You’d think after walking through so many forgotten, abandoned villages, so many settlements where nothing but charred skeletons are what remain, that I’d be used to walking through emptiness.
But I’m not.
It’s still just as bizarre as ever to me to walk through the streets and hear not a single sound. Not even the wind. No laughing children. No adults hustling by. No cars since I’m not at home. Nothing at all to grace the air other than the eerie chill of silence.
I get close to the castle. I have to cross what looked to be a colosseum of sorts, and then I’ll reach the path to the castle’s front door. To get to the colosseum, I have to walk down into it. I can’t see around me; the walls of stone make for better doors than windows. It’s only when I turn the corner of the hall and walk out into the grounds of circular, wide-open space that I see.
The hair on the back of my neck stands straight up as I take in the ghastly sight. The colosseum isn’t empty.

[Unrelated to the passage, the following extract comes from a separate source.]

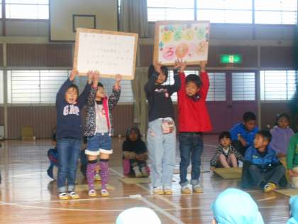 どんぐりおもちゃまつりをしたよ その1 公開日 2016/11/17 更新日 2016/11/17 1年生 神屋保育園の子を招待して、どんぐりおもちゃまつりを行いました。どのグループも上手に遊び方の説明をしました。

The ground of the space is full of black, charred skeletons of all shapes and sizes.
“Well, I guess we found the inhabitants of Pylos’s castle,” Rune remarks with a sigh.
It’s more than sad. It’s devastating. To see all the skeletons—what must be hundreds—piled together like this; it means their empress corralled them, gathered them here, and then killed them all.

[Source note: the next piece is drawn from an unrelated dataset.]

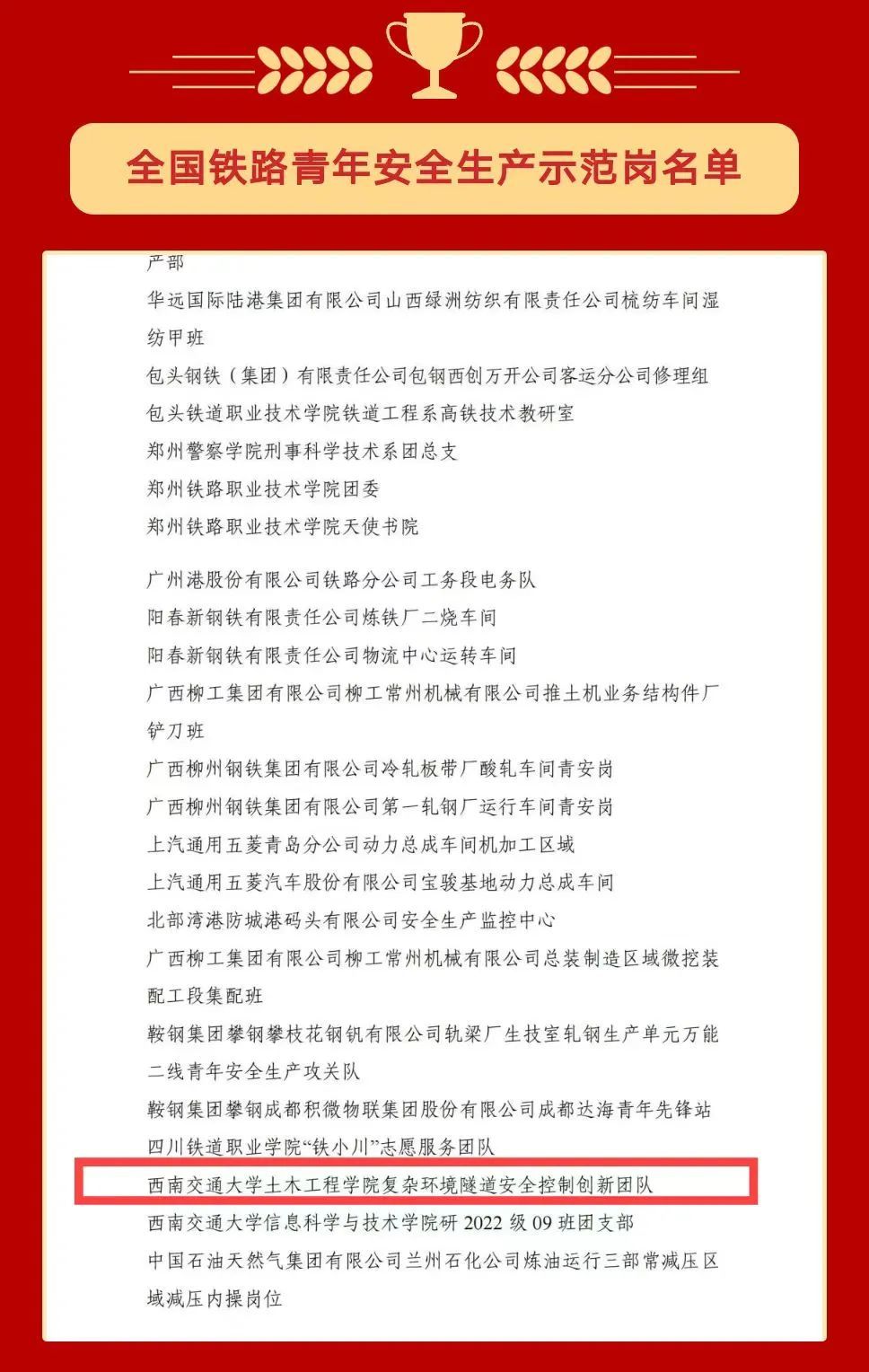 为树立典型,激励奋进,进一步促进青年成长成才,经全国铁道团委评审决定,太阳成tyc234cc复杂环境隧道安全控制创新团队荣获“全国铁路青年安全生产示范岗”。

How can a kingdom ever come back from this? This is just cruel beyond belief. The absolute destruction of a people who thought they were safe, who, even as they filed in here, believed their empress would save them. They trusted her and it was their doom.
“A pity,” Rune whispers. “So much wasted life.” The understatement of the year. From what I’ve seen so far, everything in Laconia is wasted life.
The colosseum has three entrances. The one where I came from, another on the far side, opposite me, and the third from the castle itself. It is that entrance that I have to reach, but to do so I must walk across the field of bones.
I try not to step on any, but the bones are so thick and there are so many it’s damn near impossible. I make it only two steps in before I hear the cracking of a dried bone, and the sound makes my skin crawl.
This isn’t right. I’m not the picture of a saint, but even I know this isn’t right. This is as wrong as something could be—and it’s exactly why no one should have this much power. No person, magical or not, should be revered as a god.
I have to ignore the crunching of bones under my feet. Once I get further in, there’s no avoiding them. There’s too many. I try my best not to think about the people and all the liveslost, instead focus my anger and my rage on the woman who should’ve done better.
Empress Gladus. I’ll see her sorry ass soon enough, and when I do, I’ll make sure she regrets everything she’s ever done.
Never considered myself a vengeful person until now.
I reach the path that leads from the colosseum to the castle. It’s the only way to the castle; the rest of the area surrounding the castle is a sheer drop into the abyss of the mountain the entire place is carved into.
The stone bridge is about fifteen feet wide and more than quadruple that long. Each step feels like it takes an hour, the anticipation turning into dread and anxiety in my blood. As angry as I am, as much as I want to teach this woman a lesson, I know she’s older than me. More experienced. She might mop the floor with me in two seconds.
Am I ready to die?
No, of course not, but what choice do I have? Turn the other cheek and live out the rest of my life in the wilderness, alone, eating out of rivers and seas because all the other animals are too tainted to eat? I’d never be allowed back in Laconia, so even the pathetic dried meat and cheese I’ve been eating are things I’d have to say goodbye to.